FATE AND NEW ORLEANS FICTIONS

Margaret Wilkerson Sexton's debut novel  A Kind of Freedom (Berkeley: Counterpoint 2017) did receive more than a demitasse of acclaim.  It was a 2017 National Book Award Nominee, a New York Times Notable Book of 2017, and a New York Times Book Editor's Choice, a choice commended for shining "an unflinching, compassionate light on three generations of a black family in New Orleans, emphasizing endurance more than damage."  The critical gods and goddesses who cavort in public discussions of fiction can only ensure that we know titles.  Praise alone does not persuade us to read novels.  Word of mouth, the innocent gossip that circulates among select groups of African American and American readers, is often more effective in tantalizing us to read a novel.  As the Tricentennial celebrations of the Crescent City  move forward, one hears virtually nothing about A Kind of Freedom.  Nor does one find it on the shelves of local favorites at Barnes and Noble in Metairie.  Fate is as quirky as the city that care forgot.  What occupies the space where Sexton's novel should be is Jesmyn Ward's justly celebrated Sing, Unbound, Sing, winner of the 2018 National Book Award for Fiction, an import from Mississippi.

Sexton is not alone in being overshadowed by fate.  In the United States it is estimated that more than 400,000 works of fiction are published yearly, and Fatima Shaik, a talented native daughter of New Orleans, also sits in the shadows of a golden time of day in the Seventh Ward.  Shaik's The Mayor of New Orleans: Just Talking Jazz (Berkeley: Creative Arts Book, 1989) and What Went Missing and What Got Found: Stories (New Orleans: Xavier Review Press, 2015) are candidates for recognition in our rituals of remembering what black New Orleans has contributed to the republic of American letters.  There will be more to remember when Maurice Carlos Ruffin's first novel We Cast a Shadow is published in 2019.

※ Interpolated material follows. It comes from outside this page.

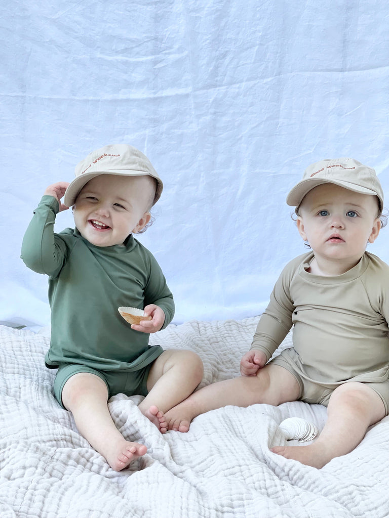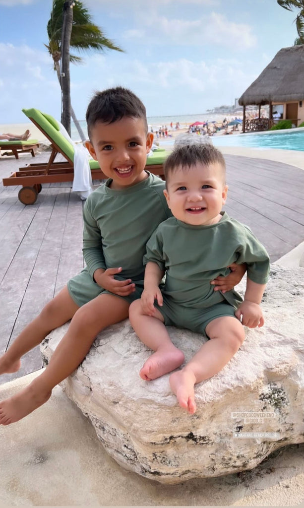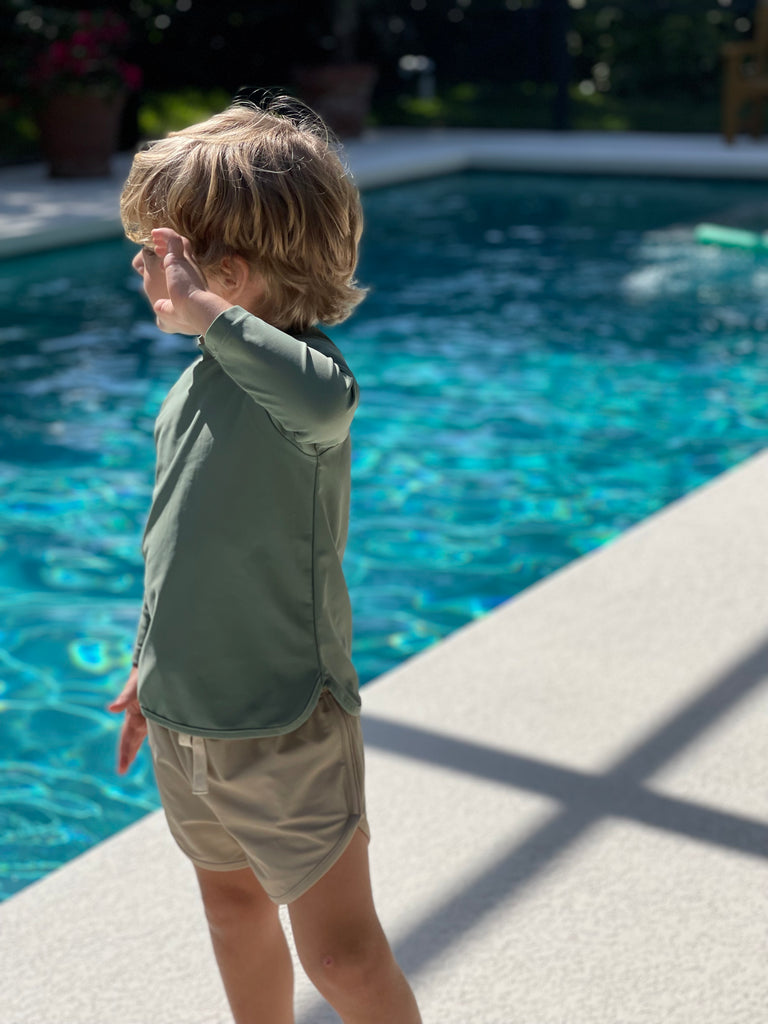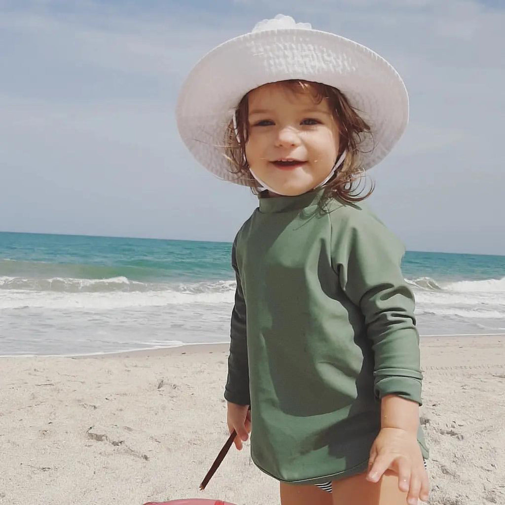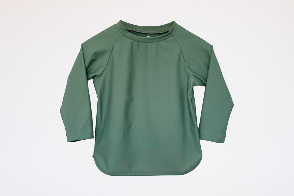 This style offers full sun protection. It comes in our luxury sustainable fabric that feels silky smooth to the touch with no itchy tags at the neck - for extra kid comfort :) Soft yet durable, this recycled fabric is twice as resistant to chlorine and sunscreen than traditional swim fabrics. In Sabal Green color, this rash top is an essential mix and match piece to keep in your drawer and looks great with all of our swimsuits.

Perhaps in the near future if New Orleans becomes as assertive in promoting local literacy as it is in manufacturing disaster for tourist consumption, Sexton, Shaik, and Ruffin will become familiar names in Treme and other wards of our city and in our public schools, where students can learn that achievement is not a cluster of tantalizing grapes.  The "perhaps" depends on our doing the necessary cultural work and forcing New York-flavored fate to sit in the shadows.